Additionally, the unit tests in these projects are not clearly commented on the intention of what they test which directly contradicts common TDD principles and generally is just a terrible practice from an instruction standpoint and the labs themselves say “we won’t tell you what the tests do but in the real world you would have to code these yourself so be thankful” and what a load of garbage. “In the real world” first of all is apples and oranges with academics and secondly in the real world any decent developer or engineer would comment their unit tests to state the intention of those tests on the code. Now, this may be just a failure of the DSLabs framework but here is the thing. DSLabs is a FRAMEWORK not a plug and chug course content. I think DSLabs was meant to be a framework and starting point but its not a class in and of itself and 7210 decided it was and just copy pasted the labs into the course and then told us to do them. This is lazy and I expect better from a top institution like Georgia Tech. Not only were the labs just copy pasted into the course, but there was NO SUPPORT in any meaningful way from the instructors or TA’s during this semester. It has been stated by others but basically we had no real office hours over the course of this semester and instead were told to put all the class’ questions into a single Piazza thread where you might get some passive aggressive half ass answer a day later or be told to clarify your question so they can give you a half ass answer later.
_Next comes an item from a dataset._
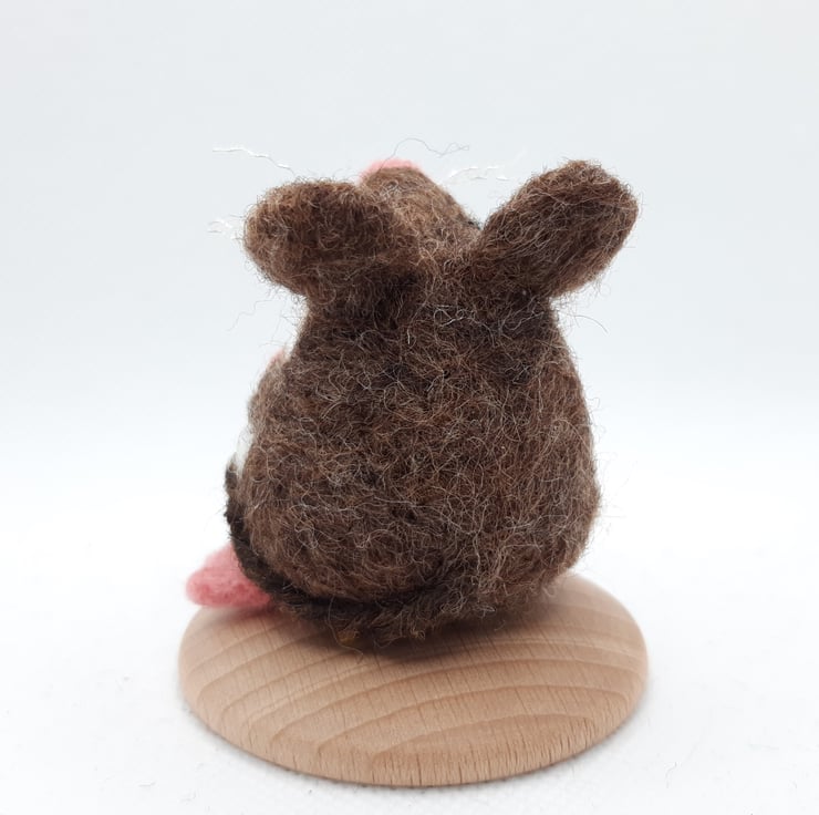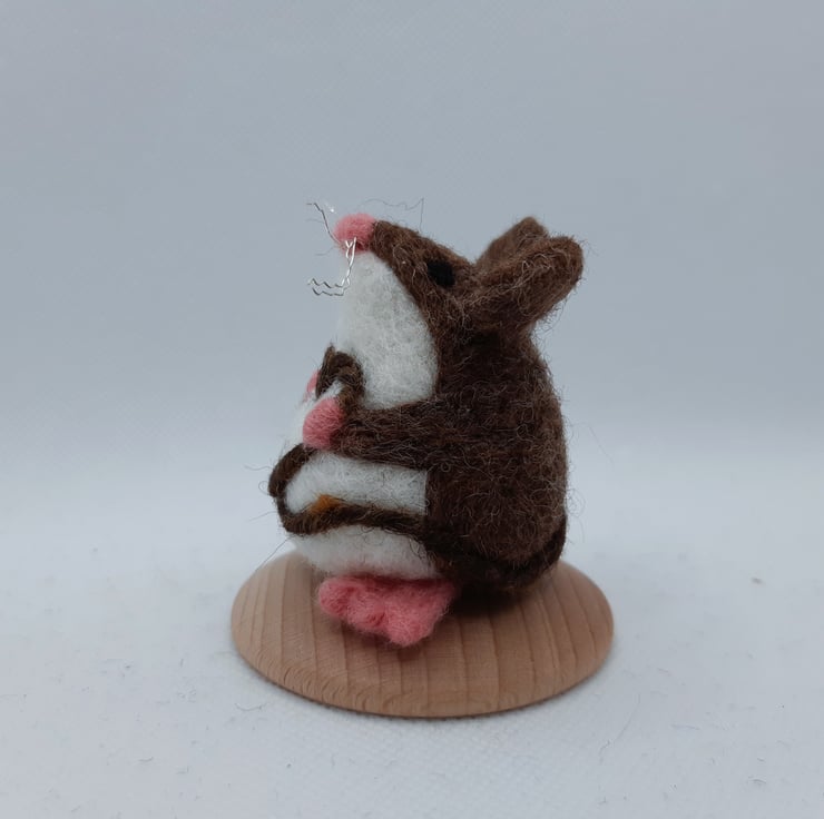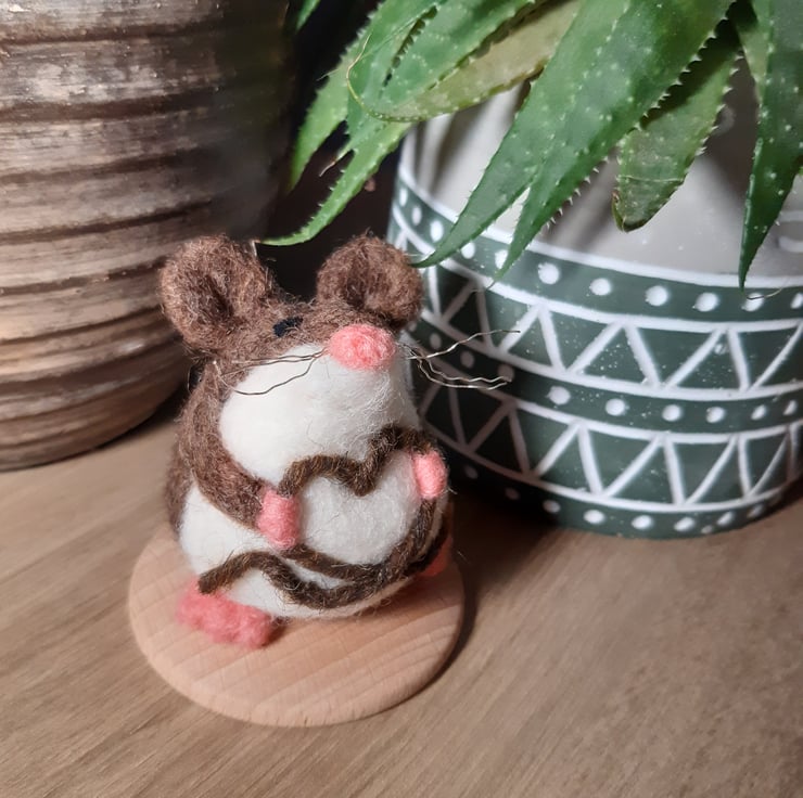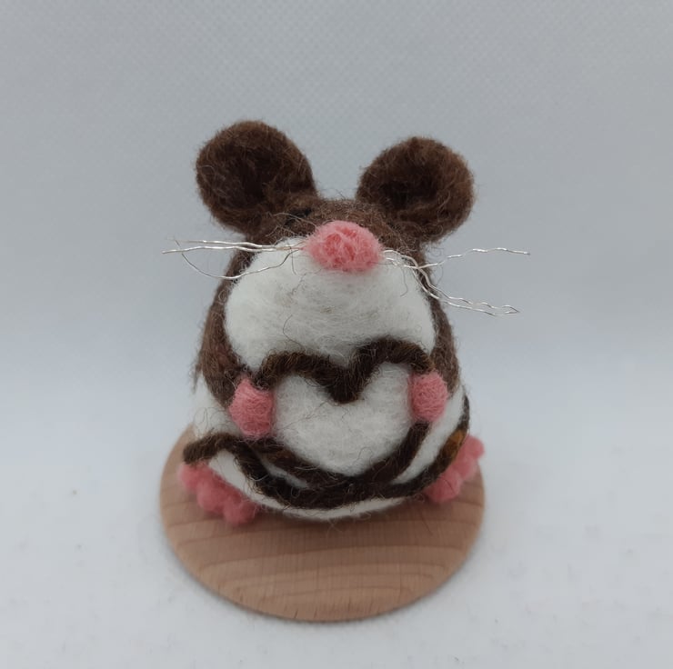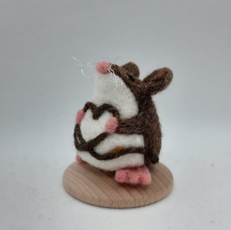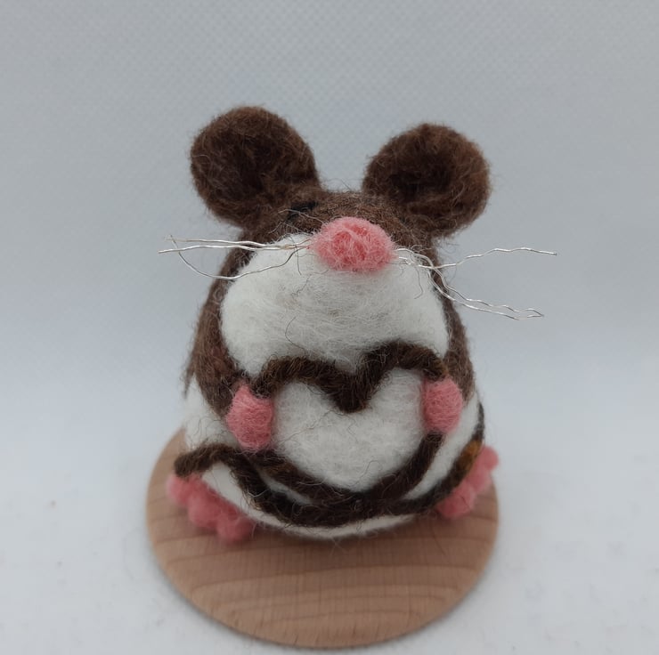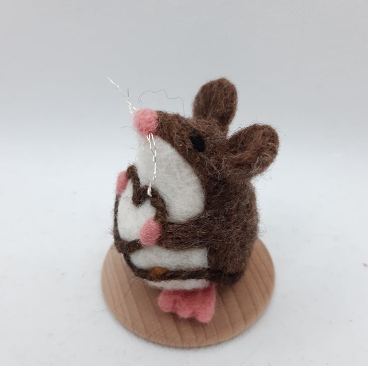 Cute needle felted brown rat ornament with heart curled tail, wire whiskers and a wooden base.

It was constant punting of responsibility by the TA’s to do the bare minimum to help students and it is frankly embarrassing to the reputation of this institution to have such poor quality support and help in such a difficult course. So to put it shortly, the labs are copy pasted from a framework that was not likely meant to be an all up class in and of itself and then they decided to offer no meaningful support for the projects and they added no intentional additional clarity to what we were even supposed to be doing in the assignments. Maybe this will improve in future semesters but I just want people reading these reviews to understand the gravity of what you are getting yourself into with this course. Unless there are significant changes, this course is a hot mess and is far from excellent or solid, as stated by other reviews.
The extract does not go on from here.